◆ About this task ◆
Go to the line holding "可是到了雍正二年,因?yàn" in the data below and repeat it exactly, then each line after it up to and including the one holding "为深入贯彻习近平总书记关于垃". Omit pictures.

◆ Records for this exercise ◆
════════════════════
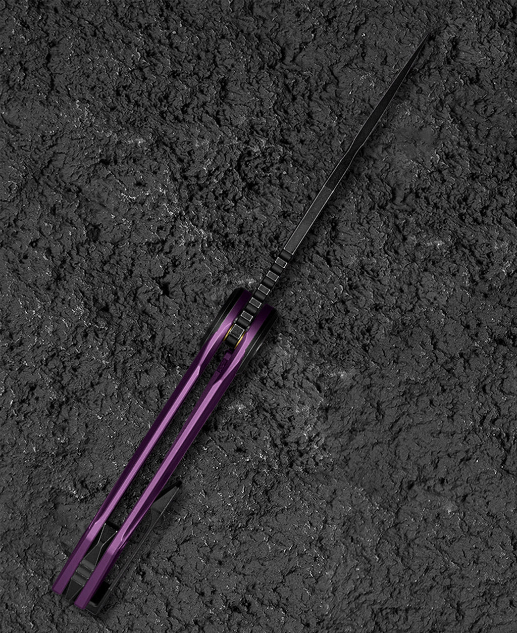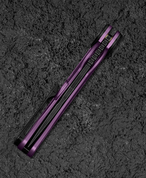 The Bestech Seraph BT2403C in purple titanium showcases sophisticated design paired with high-performance materials. Featuring an M390 stainless steel blade finished in black stonewash with flat satin treatment, this knife combines aesthetic appeal with practical functionality. M390 steel is renowned for exceptional edge retention and corrosion resistance, making it suitable for varied cutting applications and environments. The blade geometry—3.66 inches long with a 0.150-inch thickness—is hardened to 59-61 HRC, striking an optimal balance between edge sharpness and toughness. The frame lock mechanism delivers secure blade retention with minimal lateral movement, ensuring safe operation during extended use. The distinctive purple-anodized titanium handle provides both visual distinction and lightweight durability, while the full titanium construction—including pocket clip and backspacer—guarantees long-term reliability and corrosion resistance. Ceramic ball bearings facilitate smooth, responsive blade deployment and retraction with consistent performance. Weighing just 119.6 grams, the Seraph maintains excellent carry comfort without sacrificing structural integrity. At 8.31 inches open and 4.65 inches closed, it offers practical cutting capacity in a pocket-friendly package. Designed by Kombou, this folding knife represents a refined choice for discerning users who value premium materials, thoughtful engineering, and distinctive aesthetics in their everyday carry or collection.
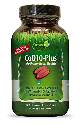 -. Binding : Health and Beauty -. Brand : Irwin Naturals -. EAN : 0710363585785 -. Feature : CoQ10-Plus features Vitamin D-3 and Fish Oil, to Chia Seed Oil and Ginkgo extract to support healthy blood flow / This formula also supplies a broad spectrum of botanicals traditionally used to support cardiovascular health such as Hawthorn fruit, Cayenne and Gotu Kola / This product can be taken daily for ongoing maintenance of overall heart health / The nutrients in these easy-to-swallow Liquid Soft-Gels are released fast / This unique formula utilizes patented BioPerine for an enhanced absorption -. IsAdultProduct : 0 -. Label : Irwin Naturals -. Manufacturer : Irwin Naturals -. NumberOfItems : 1 -. PackageQuantity : 1 -. ProductGroup : Health and Beauty -. ProductTypeName : HEALTH_PERSONAL_CARE -. PublicationDate : 2016-04-10 -. Publisher : Irwin Naturals -. ReleaseDate : 2016-04-07 -. Size : 60 -. Studio : Irwin Naturals -. Title : Irwin Naturals COQ10-Plus Optimum Heart Health Supplement, 60 Count -. UPC : 710363585785
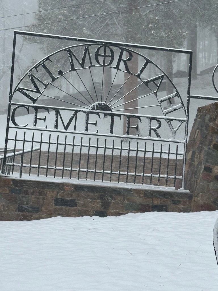 I still had time to kill, so I decided to go check out Calamity Jane’s gravesite. The map said it was less than a mile, but I decided to drive because of the snow. In the time that I left Sally’s and drove up to the grave, the snow was a blizzard. The cemetery was closed and I wasn’t sure I was going to be able to drive down the hill. I know I have grown up in snow, but I have never seen so much snow so fast. I only had five miles to drive, but it took forty minutes to get there and it was terrifying to drive in blinding snow and trust that GPS knew the way.
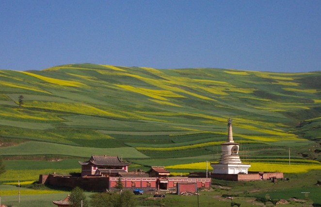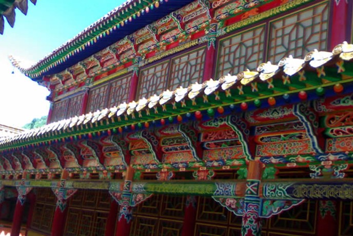 可是到了雍正二年,因?yàn)閰⑴c了羅卜藏丹津反清叛亂,宏偉的寺院竟然被官軍付之一炬,寺內(nèi)僧人死走逃亡。盡管在雍正十年,皇帝為了重當(dāng)?shù)乩?dāng)?shù)乩锝潭囊庠?,版?quán)所有山東聊城聊之旅國際旅行社有限公司,轉(zhuǎn)載必究!欽命宣修寺院,并賜額“佑寧寺”。但這座可與任何恢宏寺院比肩的佛教圣寺再也沒有恢復(fù)年的規(guī)模。在空前絕后的“文革”中,這座古寺再次被焚毀,這一次比雍正年間那次兵火更加徹底,寺內(nèi)文物幾乎蕩然無存?,F(xiàn)在,經(jīng)過小規(guī)模修復(fù)的寺院只剩下稀稀落落的數(shù)十間院落和并不能稱為宏偉的幾座經(jīng)堂散處于山谷間,在北山林場(chǎng)的映襯下自在場(chǎng)然,似乎依然在回味著數(shù)百年來的那兩場(chǎng)令人心酸的大火所帶來的凄涼悲慘。
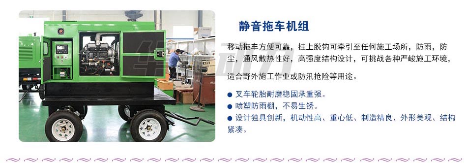 移動(dòng)拖車(chē)方便可靠,掛上脫鉤可牽引至任何施工場(chǎng)所,防雨,防塵,通風(fēng)散熱性好,高強(qiáng)度結(jié)構(gòu)設(shè)計(jì),可挑戰(zhàn)各種嚴(yán)峻施工環(huán)境,適合野外施工作業(yè)或防汛搶險(xiǎn)等用途。
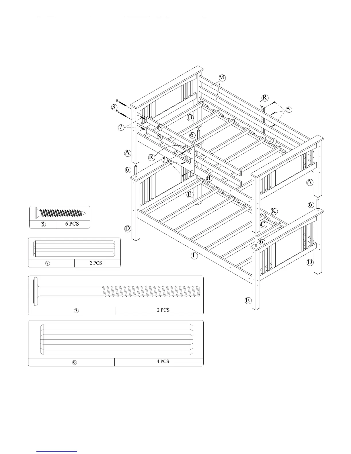 Attach another guardrail leg (R) (on the other side of the bed) to long guard rails (M) and top side rail (J)
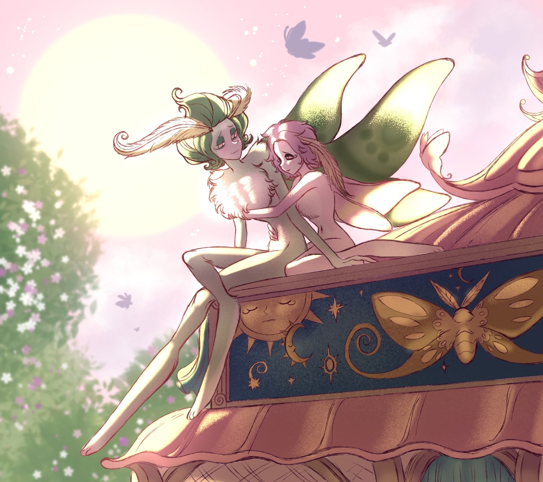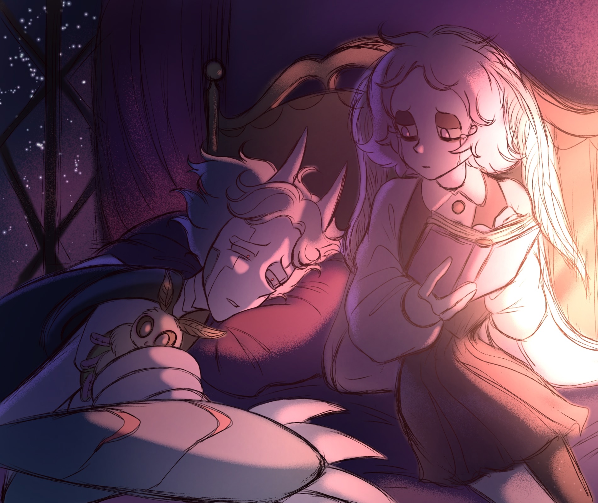 На рисунке Созерцатель Звёзд и Люми уединились на крыше небольшого домика и греются на солнышке.
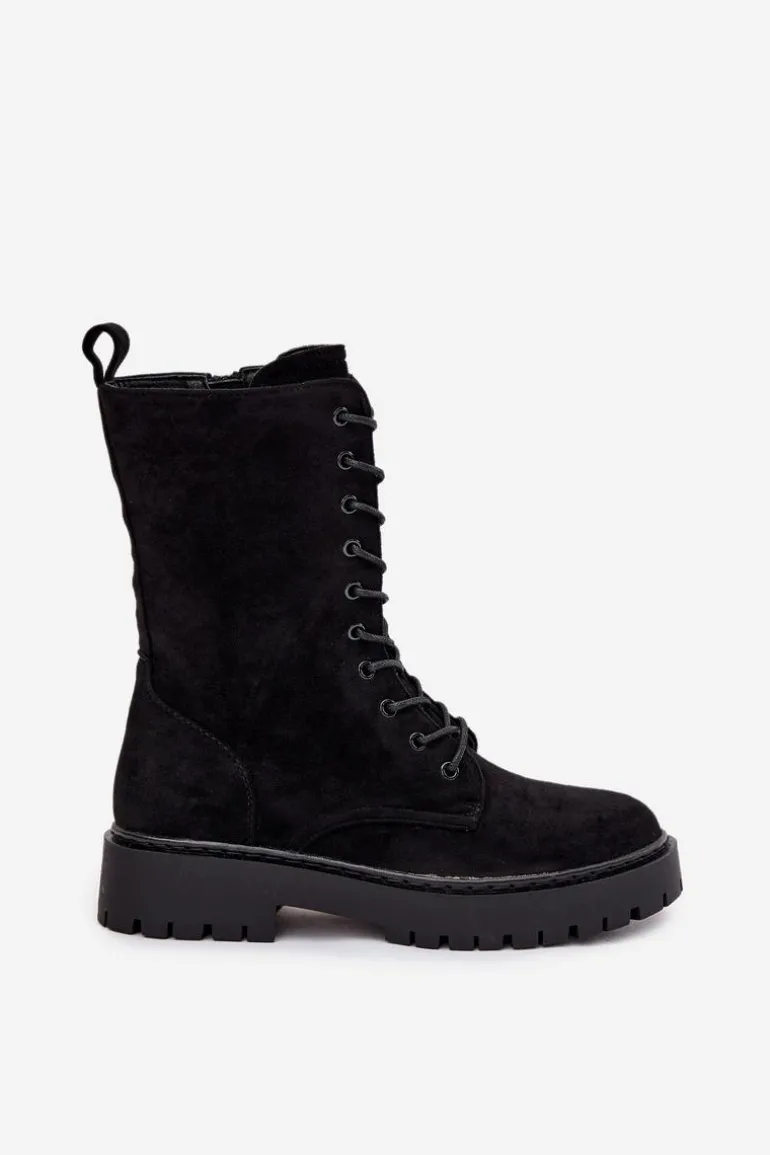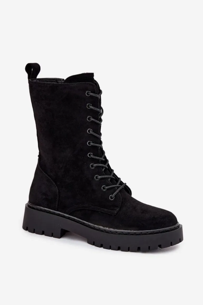 Klasyczne botki damskie typu workery wykonane z eko zamszu. Model osadzony na platformie z płaskim obcasem zapewnia stabilny krok, a ocieplenie gwarantuje komfort w chłodniejsze dni. Sznurowanie w połączeniu z zamkiem umożliwia łatwe zakładanie i idealne dopasowanie do stopy, co czyni je świetnym wyborem do codziennych, casualowych stylizacji. Przy wyborze rozmiaru prosimy sugerować się tabelą rozmiarów.
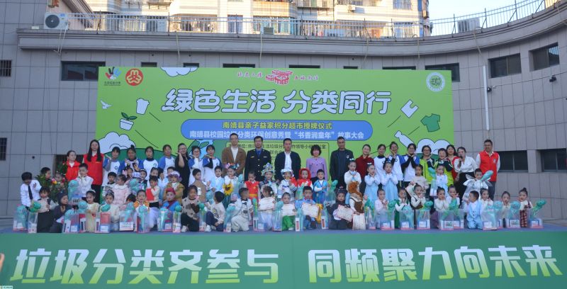 为深入贯彻习近平总书记关于垃圾分类工作的重要指示精神,推动垃圾分类教育全面融入校园文化与家庭生活,11月29日下午,由南靖县城市管理和综合执法局、县妇女联合会、县环境卫生服务中心联合主办,山城镇解放社区、南靖县国英幼儿园与爱心社区服务有限公司共同承办的“绿色生活,分类同行”南靖县校园垃圾分类环保创意秀暨“书香润童年”故事大会&南靖县亲子益家积分超市授牌仪式在金才假日广场顺利举行。
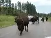 Of course, being right off the side of the road, gawkers *such as ourselves) were quick to take some snapshots and pus the boundaries and try to get close to the animal. One fellow got a little too close, which made the Bison a little hot and bothered and that resulted in much yelling by the local ranger trying to make sure none of us idiot-ed ourselves into injury from the animal.
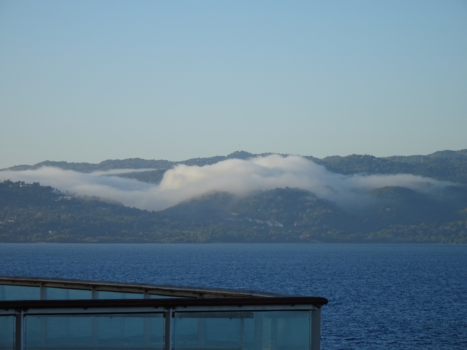 Na bitte. Einmal außerplanmäßig dran vorbeigefahren, laufen wir nun, die Berge noch von Morgennebel überzogen auf Jamaika ein.
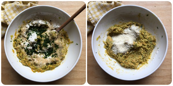 • Voeg vervolgens de bloem, paneermeel, wat gehakte peterselie en geraspte kaas toe en meng alle ingrediënten goed door elkaar. Het wordt een vrij zachte massa, maar als het te slap is, voeg dan nog wat kaas of bloem toe. Breng eventueel op smaak met zout.
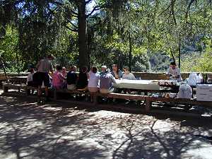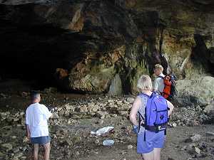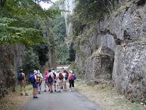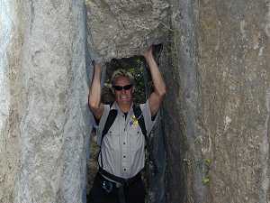Det fanns ett långt stenbord under ett träd, där vi kunde äta från våra lunchpåsar bl.a. sallader med potatis, tonfisk m.m. och bröd. Vi hade även hett vatten och kunde dricka te/kaffe, vilket smakade bra trots värmen. Efter lunch gick vi en timme utför en väg innan vi mötte Carlos med bussen. Han körde oss vidare till grottorna Su Marmuri. Här var vi något tidiga, då det visade sig att vår grupp hade vandrat snabbare än tidigare grupper. Sedan var det dags att göra entré i den långa grottan. Det visade sig vara en mycket imponerande grottgång på c:a 1 km och upp till 50 meter i höjd. Där finns en stor mängd stalaktiter och fladdermössen bodde här framför allt vintertid. Ute i luften var det c:a 30 grader medan nere i grottgången var det enbart 10 grader. Därför måste vi ha extra kläder att ta på. Efter detta intressanta besök åkte vi buss tillbaka och var vid hotellet 17.30. Reseledaren Fredrik och jag passade på att ta ett dopp i poolen för att svalka av kroppen och nu är det snart åter middag. |
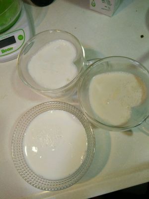 先将蛋黄和蛋清分离(有专业的分离器),在蛋清中加入白糖打散。蒸锅水开后,放入牛奶蒸几分钟,冷却后,有一层奶皮浮在上面。用小刀沿着奶皮边缘割开一道10厘米的口子。
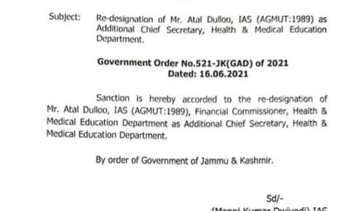 Atal Dullu Commissioner Health and Medical Education has been designated as *Additional Chief Secretary* Uncategorized By Editor Last updated Jun 16, 2021 693 Share 693 Share
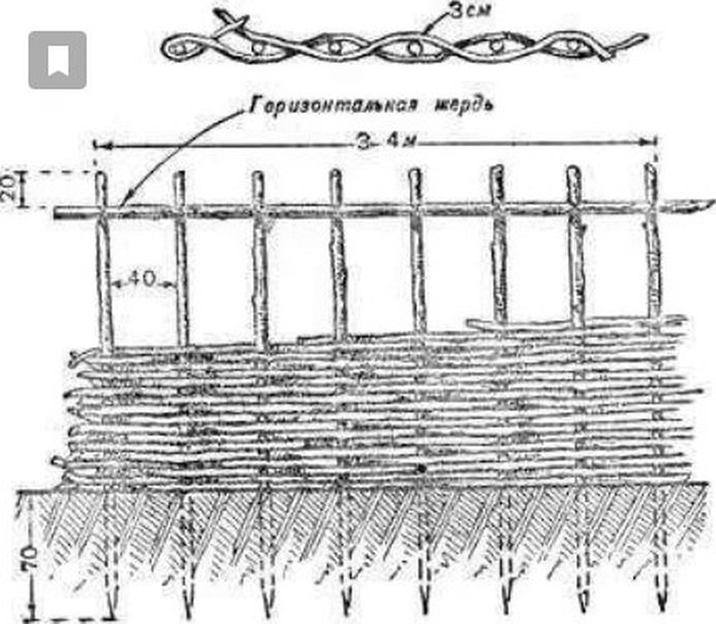 Перед укладкой ветви распаривают в горячей воде. Кора снимается. Но можно выполнять плетение ивовой лозой, которую только что срезали. Под столбы готовят прочные ветки диаметром 4-8 см. Их длина должна превышать высоту ограды примерно на треть. Порода дерева для опор: лиственница, сосна.
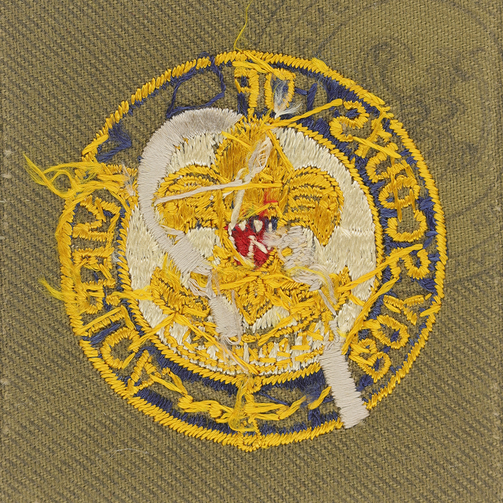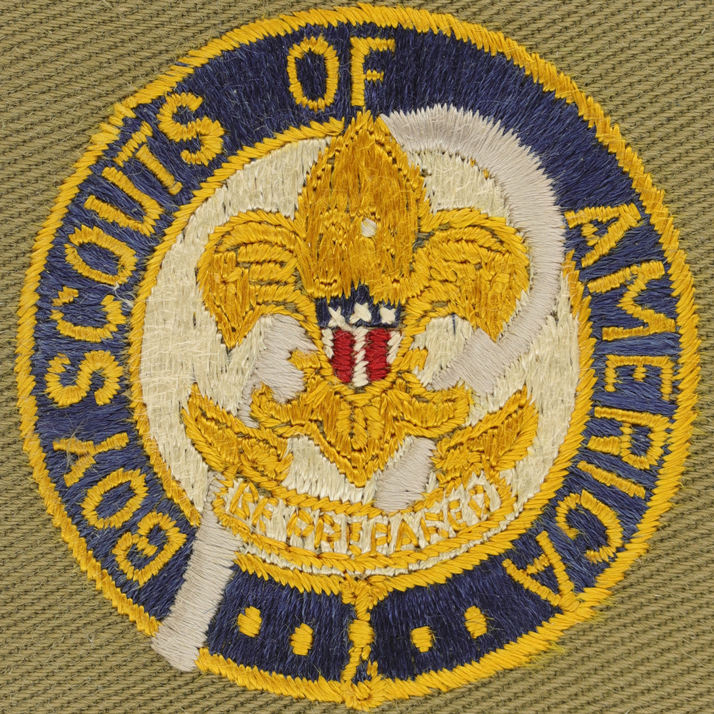 - Design: Gold First Class emblem with white behind emblem, silver shpherd's crook, gold border and lettering "BOY SCOUTS OF AMERICA", dark blue behind letters
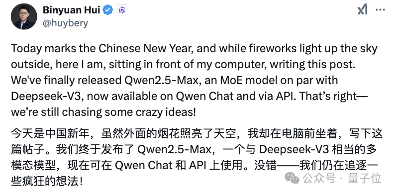 之前曾自曝阿里大模型員工996作息表的Binyuan Hui也再次現身:
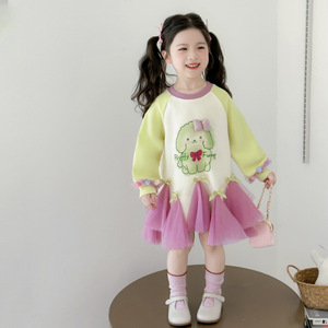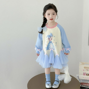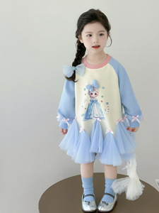 女童网红连衣裙春秋装2025新款儿童公主裙小女孩网纱拼接卫衣裙子
════════════════════
◆ Exercise output ◆
 可是到了雍正二年,因?yàn)閰⑴c了羅卜藏丹津反清叛亂,宏偉的寺院竟然被官軍付之一炬,寺內(nèi)僧人死走逃亡。盡管在雍正十年,皇帝為了重當(dāng)?shù)乩?dāng)?shù)乩锝潭囊庠?,版?quán)所有山東聊城聊之旅國際旅行社有限公司,轉(zhuǎn)載必究!欽命宣修寺院,并賜額“佑寧寺”。但這座可與任何恢宏寺院比肩的佛教圣寺再也沒有恢復(fù)年的規(guī)模。在空前絕后的“文革”中,這座古寺再次被焚毀,這一次比雍正年間那次兵火更加徹底,寺內(nèi)文物幾乎蕩然無存?,F(xiàn)在,經(jīng)過小規(guī)模修復(fù)的寺院只剩下稀稀落落的數(shù)十間院落和并不能稱為宏偉的幾座經(jīng)堂散處于山谷間,在北山林場(chǎng)的映襯下自在場(chǎng)然,似乎依然在回味著數(shù)百年來的那兩場(chǎng)令人心酸的大火所帶來的凄涼悲慘。
 移動(dòng)拖車(chē)方便可靠,掛上脫鉤可牽引至任何施工場(chǎng)所,防雨,防塵,通風(fēng)散熱性好,高強(qiáng)度結(jié)構(gòu)設(shè)計(jì),可挑戰(zhàn)各種嚴(yán)峻施工環(huán)境,適合野外施工作業(yè)或防汛搶險(xiǎn)等用途。
 Attach another guardrail leg (R) (on the other side of the bed) to long guard rails (M) and top side rail (J)
 На рисунке Созерцатель Звёзд и Люми уединились на крыше небольшого домика и греются на солнышке.
 Klasyczne botki damskie typu workery wykonane z eko zamszu. Model osadzony na platformie z płaskim obcasem zapewnia stabilny krok, a ocieplenie gwarantuje komfort w chłodniejsze dni. Sznurowanie w połączeniu z zamkiem umożliwia łatwe zakładanie i idealne dopasowanie do stopy, co czyni je świetnym wyborem do codziennych, casualowych stylizacji. Przy wyborze rozmiaru prosimy sugerować się tabelą rozmiarów.
 为深入贯彻习近平总书记关于垃圾分类工作的重要指示精神,推动垃圾分类教育全面融入校园文化与家庭生活,11月29日下午,由南靖县城市管理和综合执法局、县妇女联合会、县环境卫生服务中心联合主办,山城镇解放社区、南靖县国英幼儿园与爱心社区服务有限公司共同承办的“绿色生活,分类同行”南靖县校园垃圾分类环保创意秀暨“书香润童年”故事大会&南靖县亲子益家积分超市授牌仪式在金才假日广场顺利举行。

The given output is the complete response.